Here’s the problem: Assumptions arrive too big. Someone sits across from me, full of conviction, and says something that sounds perfectly reasonable – “a user will pay $40 a month for this.” Innocuous. One clean sentence. Except that one sentence is hiding a whole stack of separate assumptions, each one smuggled in as fact: That the user has the problem. That they know they have it. That they’d pay to solve it. That they’d pay that much. That they’d pay it to you. That they’d pay it now. Six conjectures wearing the costume of one.
And the test inherits the whole bundle. You build something to validate “users will pay $40 a month,” it comes back murky, and you’ve learned little – because you couldn’t isolate a single variable. A convoluted claim makes a convoluted test, and a convoluted test answers nothing.

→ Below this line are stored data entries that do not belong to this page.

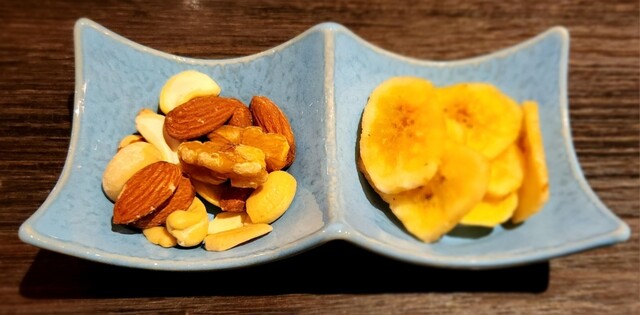 (私達もこの日アルコールは二人ともオーダーしてませんが、チャージ料分としてドライフルーツのバナナチップとミックスナッツがお通しとして出ました)
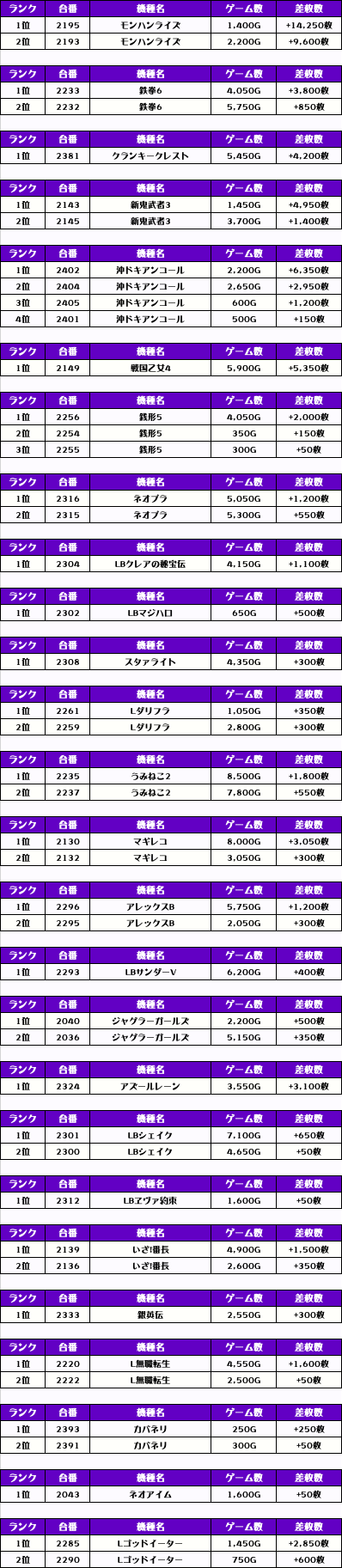 次に、機種別差枚ランキングをチェック❗️
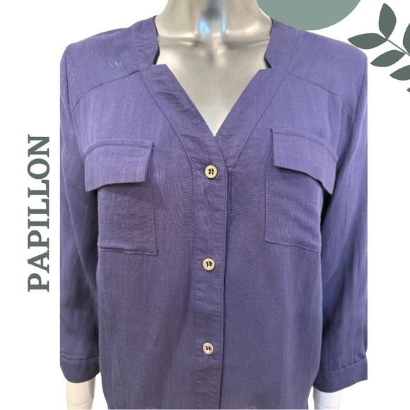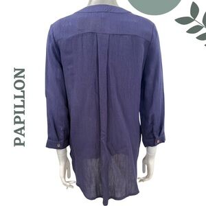 Papillon Navy Button-Up Shirt Tunic with Roll Sleeves | Relaxed Fit Size XS
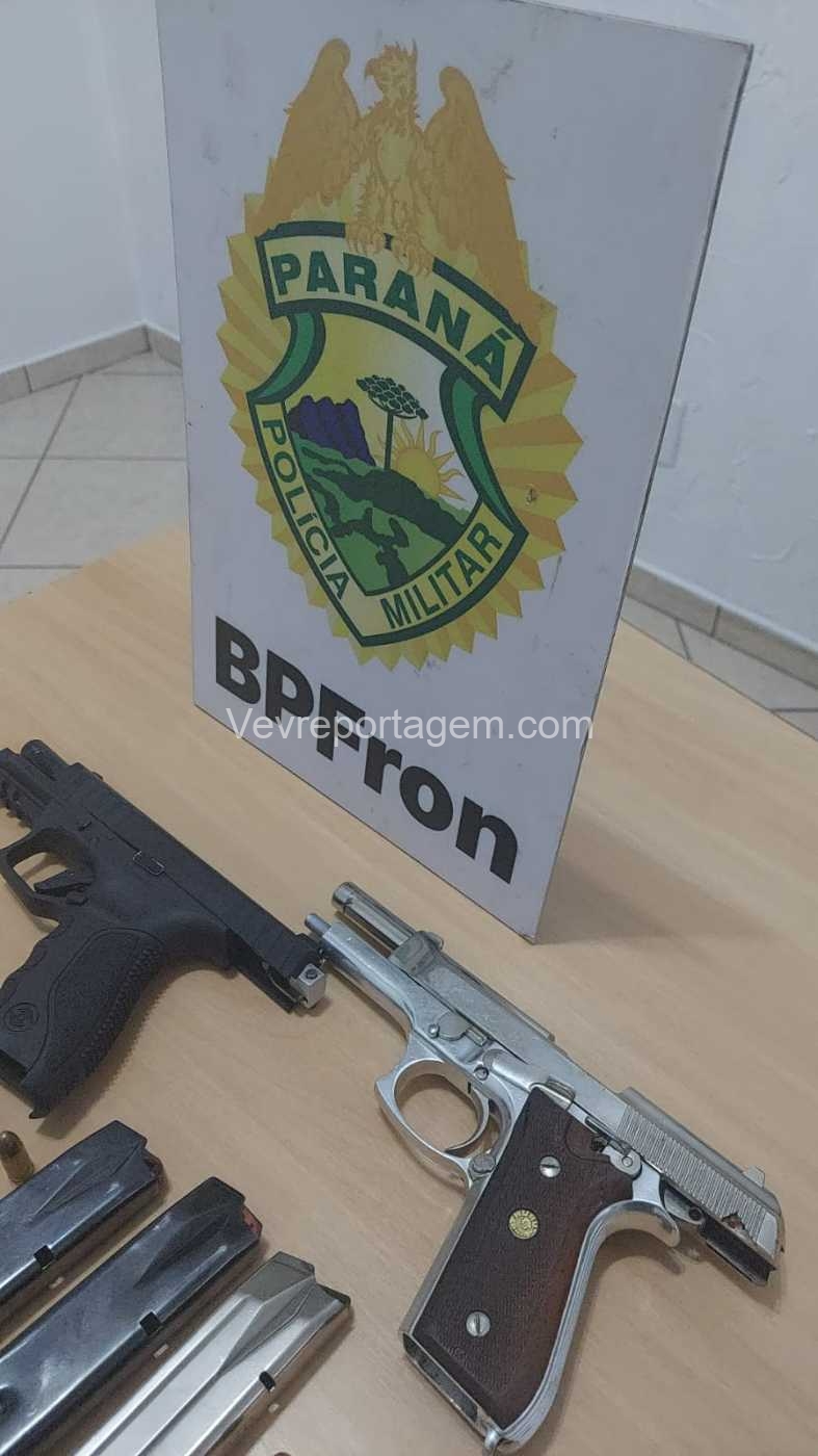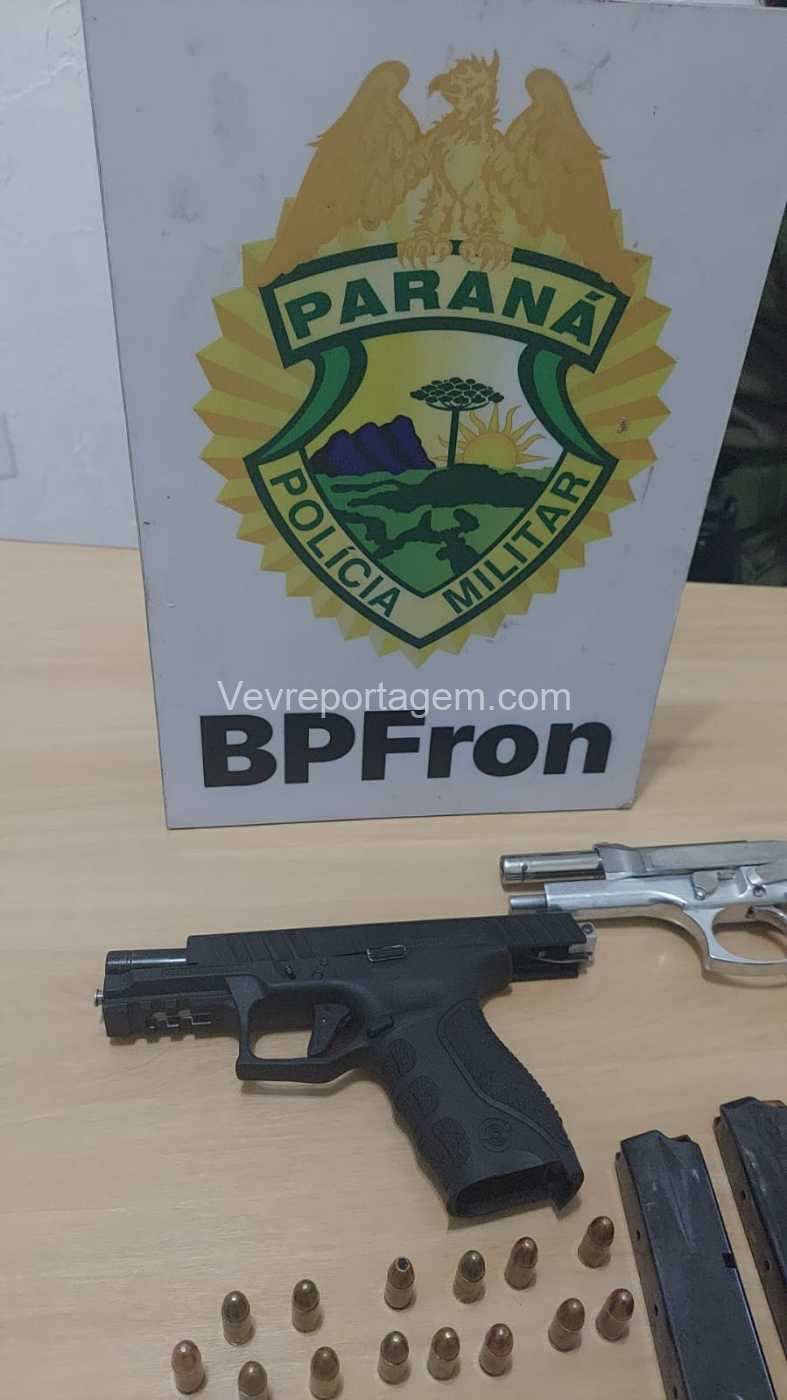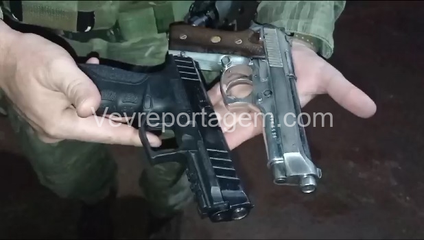 Os policiais foram atrás e conseguiram realizar abordagem, onde na residência tinha mais três indivíduos, e foi localizado duas pistolas 9mm com os mesmos.
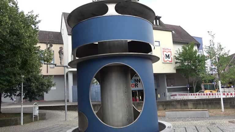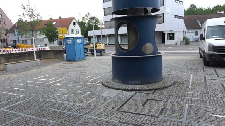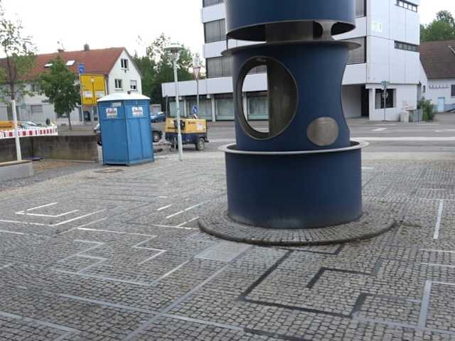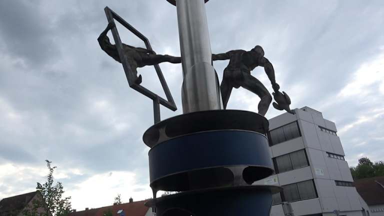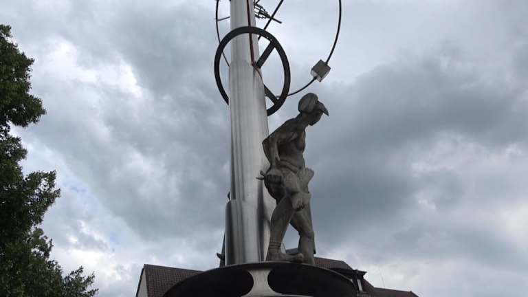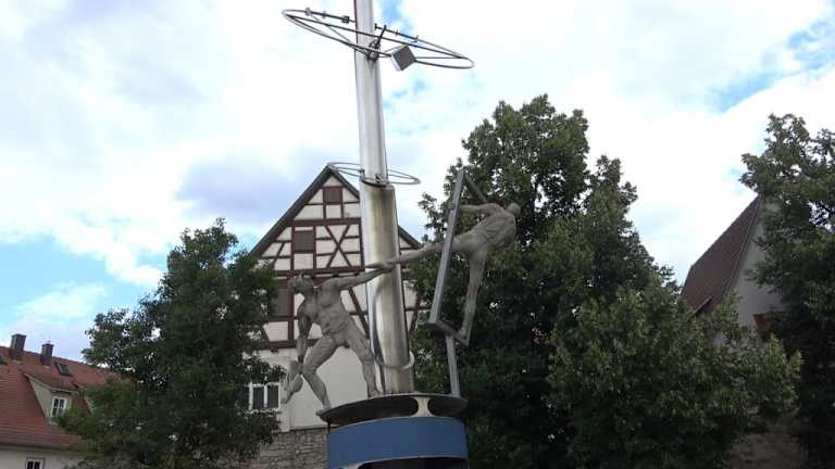 Die Skulptur ist eine verschlüsselte Darstellung der Hinrichtung von Rathgeb - er wurde zum Tode verurteilt und vermutlich durch Vierteilung hingerichtet. Ein Hinweis auf die Zeit des Bauernkrieges. Das Labyrinth symbolisiert den verschlungenen Lebensweg. Der Pendelschlag steht auf dem Platz beim Bronntor.
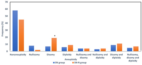 Frequency of aneuploidies after FISH analysis (SN = subfertile population with normozoospermia; SN-N = subfertile non-normozoospermic population). * Fischer’s exact test p = 0.0108.
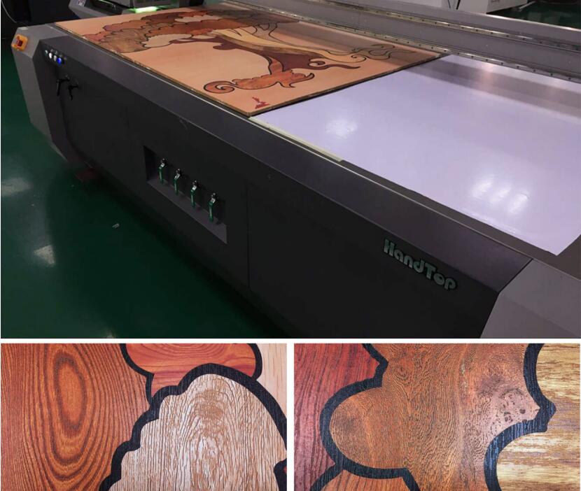 今天小編主要說說UV打印機在木紋拚花方麵有什麽特點和優勢?傳統的木紋拚花是指將不同類型的木紋拚接在木質基材上,工序複雜。隨著UV平板打印機的推廣,木紋拚花變得簡便了許多,隻需要在計算機設計好拚花圖案,即可在人造石、密度板等建材上打印出木紋拚花的效果。通過UV平板打印機噴印的木紋拚花產品如家具、地板不僅色彩豐富,紋理多樣,而且加上印前後處理後經久耐用、防水防腐。
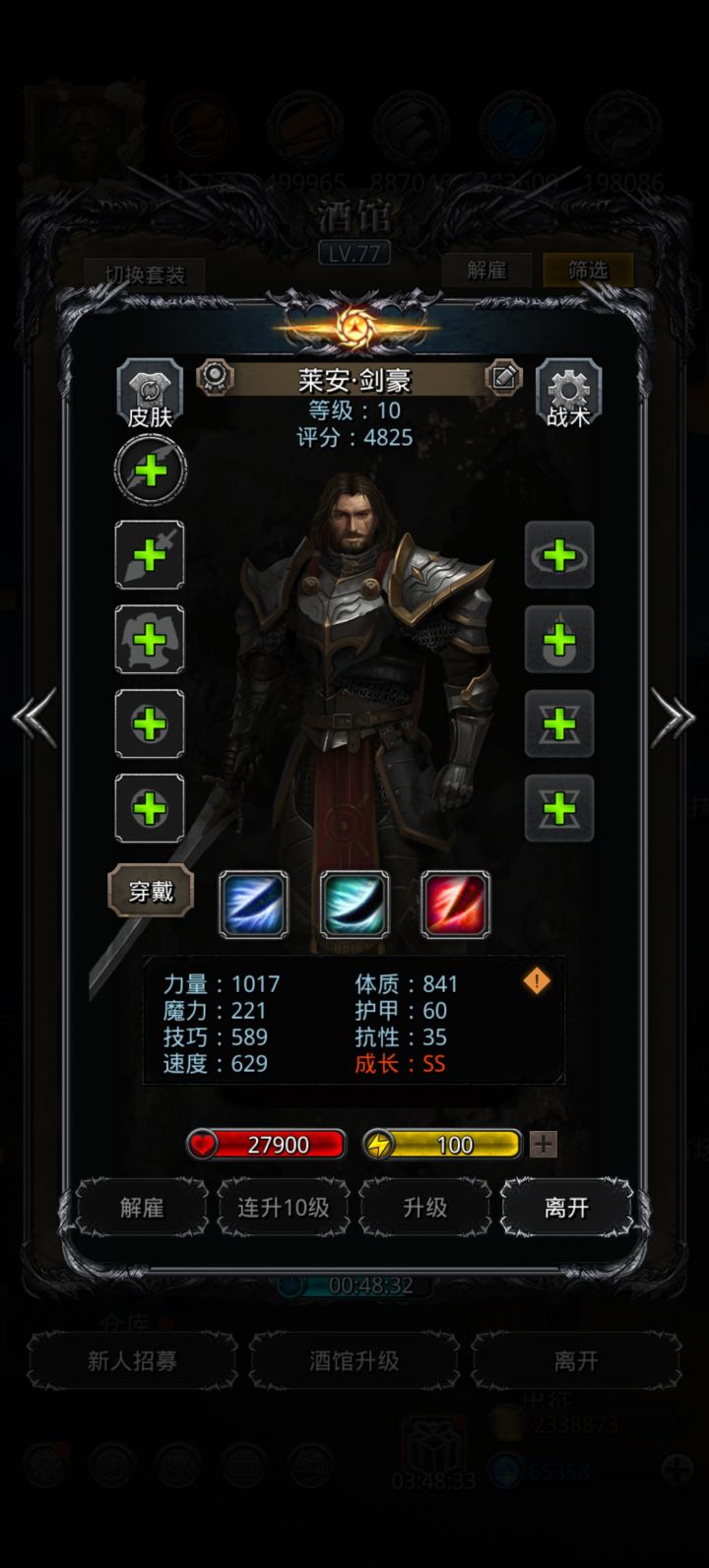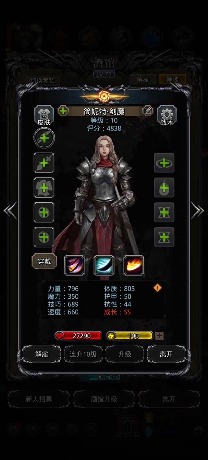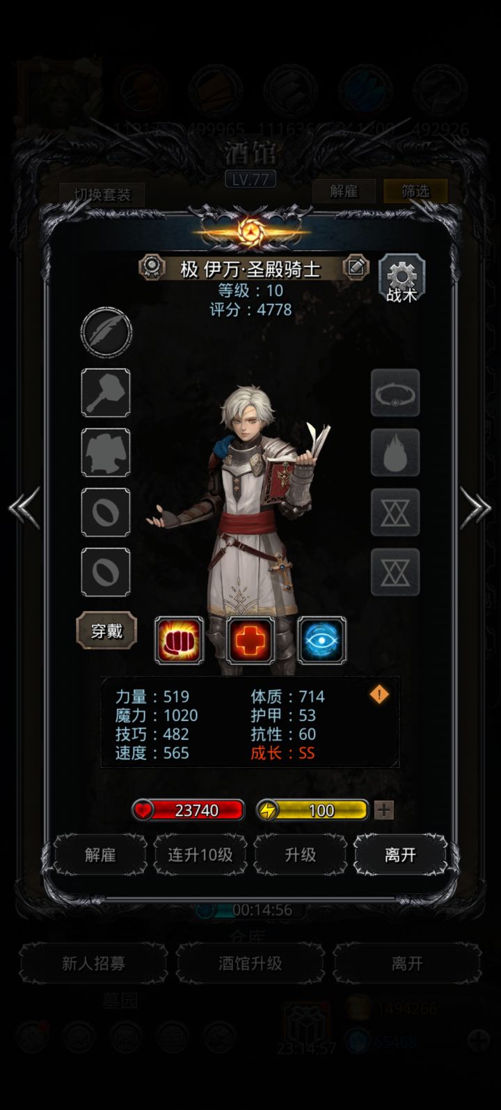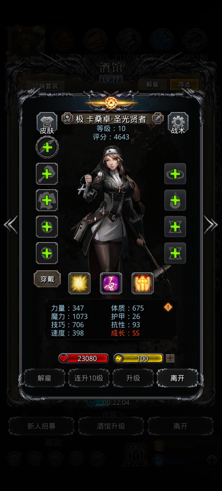 基本都是前期开荒老臣了,还有副队,本次共退休20人,特此留贴记录。1黑骑,1剑豪,1圣龙,1剑宗,1剑魔;1夜魇,1夜莺;1圣殿,3圣光,1神官;1狂战,1毁灭;1烟斗传,1烟斗龙,1圣枪,1烈枪;1冰法,1传法。以上基本都是及格或者小极,个人体感来看,通关还是略显吃力,所以除了 剑魔、剑宗、毁灭 这仨对属性基本无要求的,其他职业低于图中数值的不太建议留了,不然需要在其他方面(装备
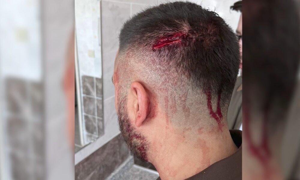 • Şanlıurfa’da kendisini öğrenci velisi olarak tanıtan M.R.U., tarafından demir sopayla saldırıya uğrayan sınıf öğretmeni Tuncay Taha Kandemir (33), başından yaralandı. Fotoğraf: Şanlıurfa, (DHA)
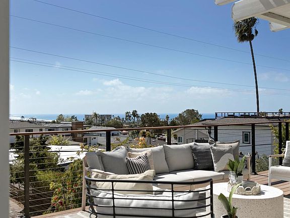 Wake up to breathtaking views and end your day with glowing sunsets over the ocean- this remodeled North Pacific Beach home captures the essence of coastal living. Step into a home that feels brand new, blending modern upgrades with timeless comfort. This 3-bedroom, 2-bathroom stunner includes a versatile bonus room—perfect as an office, den, formal dining space, or easily converted into a 4th bedroom. Every inch of this home has been thoughtfully renovated, from the new roof, HVAC, to the custom cabinetry, updated bathrooms, tile flooring, fixtures, and even a freshly rebuilt chimney that brings warmth and character to the main living area. At the heart of the home, the open-concept kitchen boasts panoramic southwest-facing views through a large picture window that perfectly frames the ocean, bay, and treetop horizon. Whether you’re cooking dinner or entertaining guests, you’ll enjoy a seamless connection to the outdoors. The living and dining rooms share this same spectacular vista, opening directly to an expansive deck—ideal for sunset dinners, weekend lounging, or gatherings with friends. Beyond beauty, this home is designed for convenience and peace of mind. The gated front entry leads into a tranquil, private courtyard, creating a true indoor-outdoor sanctuary. Drought-tolerant landscaping, drip irrigation, automatic landscape lighting, and low-maintenance hardscaping make this a perfect lock-and-leave property—whether you’re a full-time resident or a part-time coastal retreat seeker. Inside, an abundance of smart storage sets this home apart: custom built-ins in the dining area, multiple hall closets, a California Closet–designed primary suite, and a spacious garage offer room for everything—and then some. Located in the highly walkable and coveted community of North Pacific Beach, you’re just minutes from the sand, top-rated schools, grocery stores, boutique retail, and vibrant cafes and restaurants. This is a rare opportunity to own a high-quality home with stunning views in one of San Diego’s most desirable coastal neighborhoods!

Now, to be fair to ourselves: most of life runs on conjecture, and that’s completely fine. We couldn’t function otherwise. You can’t go back to first principles every time you cross a street, select a movie to watch, or pick a restaurant – the world is too complex and the day too short. We run on inherited belief, and mostly it serves us well. But when it comes to experiments – building a business, building a product, betting real time and money – you do have to go back to first principles of what you actually know to be true, and build up from there.
Which is where my single favorite question comes in, the one I ask sitting across the table from someone: “Do you know this to be true, or do you just assume it?”
It’s astonishing how often “I know” turns out to be “I assume.” You poke once, twice, sometimes more often, and the certainty dissolves. It was folklore. A best practice someone read in a deck. An industry standard nobody’s checked since 2014. What worked at the last company. “Everyone knows” this.
If this feels familiar, it should – it’s the Five Whys, the recursive interrogation Sakichi Toyoda built into the Toyota Production System. Same idea, different flavor. Not five whys here, but the same question asked again and again – do we know this to be true? – until you hit one of two floors: actual evidence, or an honest admission that you don’t know.
Once you’ve separated what you know from what you merely assume, the assumptions are out in the open. Now you can shrink them. The method is just this: atomize. Break the bundle down until each piece is a single falsifiable claim – one sentence, one variable, one thing that could be shown wrong. Take “users will pay $40 a month” and walk it down to its atoms – they have this problem; they recognize it as a problem; they’d pay to fix it; $40 is a price they’d accept; they’d buy it from us specifically; they’d buy it today. Suddenly the original question – “how do we test this in the cheapest, quickest way?” – answers itself.
Here’s the loop, repeatable on any claim you’ve got. Write the assumption as one falsifiable sentence – and if it needs an “and,” it’s not one assumption, it’s two, so split it. Ask “do we know this, or do we assume it?” – recursively – until you hit evidence or admit ignorance. For each assumption still standing, ask the real question: what’s the cheapest, quickest test that could prove this wrong? Note that – prove it wrong, not right. A test that can only confirm you teaches you nothing; you want the one that could kill the idea cheaply. Then, before you run anything, write down what result would change your mind. And run the smallest version first. Then the next. That’s it. That’s the discipline. And yes, it is the essence of the scientific method. But we tend to not do this in business.